Sebagai refleksi atas apa yang terjadi sepanjang tahun 2014, di penghujung tahun, Rabu (31/12) Fahmina bekerjasama dengan Radar Cirebon TV (RCTV ) menyelenggarakan talk show dalam program ‘Solusi Publik’ dengan tema ‘Dialog Lintas Generasi; Membaca Potensi Membangun Damai di Cirebon’.
Program tersebut diisi dengan dialog antar 3 narasumber, Marzuki Wahid dari Yayasan Fahmina, Devida sebagai Ketua Umum Pelita, dan Missi sebagai aktivis Pelita. Kegiatan ini dilaksanakan juga bertujuan untuk dapat melihat potensi apa yang akan terjadi di tahun 2015, baik dilihat melalui segi konflik maupun upaya damai, terutama dalam toleransi dan kebebasan beragama dan berkeyakinan.
Marzuki Wahid menjelaskan, bahwa di tahun 2014, konflik yang timbul atas nama agama menurun dibandingkan dengan tahun-tahun sebelumnya. Walau, lanjutnya kedepan tetap harus berhati-hati dengan akar konflik yang masih belum terselesaikan.
“Tahun 2014, konflik atas nama agama relatif menurun di tingkat lokal Cirebon maupun ditingkat nasional Indonesia. Tetapi itu tidak menandakan bahwa kedepan tidak akan ada konflik, karena akar masalah masih belum dapat diselesaikan, baik yang akan menimbukan konflik antar agama, begitu juga inter agama” jelas Marzuki Wahid.
Menurut Devida, salah satu akar konflik atas nama agama adalah UU N0.1/PNPS/1965 yang membatasi hanya 6 agama di Indonesia. Hal ini pun berimbas kepada para penganutnya, dan kaum muda yang tidak mendapatkan haknya sebagai warga negara, seperti tidak dapat mengurus administrasi pernikahan, dan dianggap tidak memiliki ayah.
“Kalau hanya mengakui 6 agama, lantas bagaimana dengan agama lain serta berbagai kepercayaan leluhur asli Indonesia yang tidak tercantum dalam UU N0.1/PNPS/1965. Imbasnya kepada para penganut agama dan kepercayaan tersebut, terutama para pemuda sebagai generasi masa depan,” timpal Devida.

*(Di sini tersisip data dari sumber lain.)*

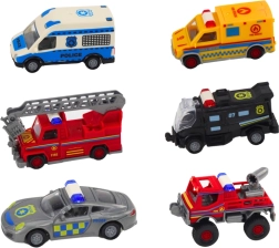 Il set include sei veicoli, come auto della polizia, camion dei pompieri e veicolo di soccorso medico per situazioni di gioco realistiche.

Akar konflik selanjutnya seperti kenakalan remaja, Missi berpendapat bahwa hal tersebut dikarenakan terbatasnya ruang ekspresi bagi para kaum muda. Karena pembangunan pemerintah yang tidak fokus untuk memperhatikan hal tersebut, selain dari pengaruh keluarga, sekolah dan lingkungan.
“Dalam melihat kenakalan remaja kita perlu melihat apa sebab dari munculnya tingkah tersebut, bisa saja karena pengaruh keluarga sendiri, sekolah dan lingkungan. Pemerintah juga berperan untuk membuka ruang ekspresi bagi pemuda, karena saat ini ruang tersebut masih terbatas,” tutur Missi.
Salah satu audiens, Rosidin dari Yayasan Fahmina juga berpendapat dalam melihat keadaan konflik ataupun damai sekalipun, kita harus tetap melihat apa yang ada dibalik semua itu.
“Kita jangan geger mendengar konflik ataupun diam saat damai, apa sebetulnya dibalik semua itu. Bisa saja damai karena dipaksakan, ditekan seperti suatu rezim terdahulu. Konflikpun apa yang membuat hal itu terjadi?” tambahnya.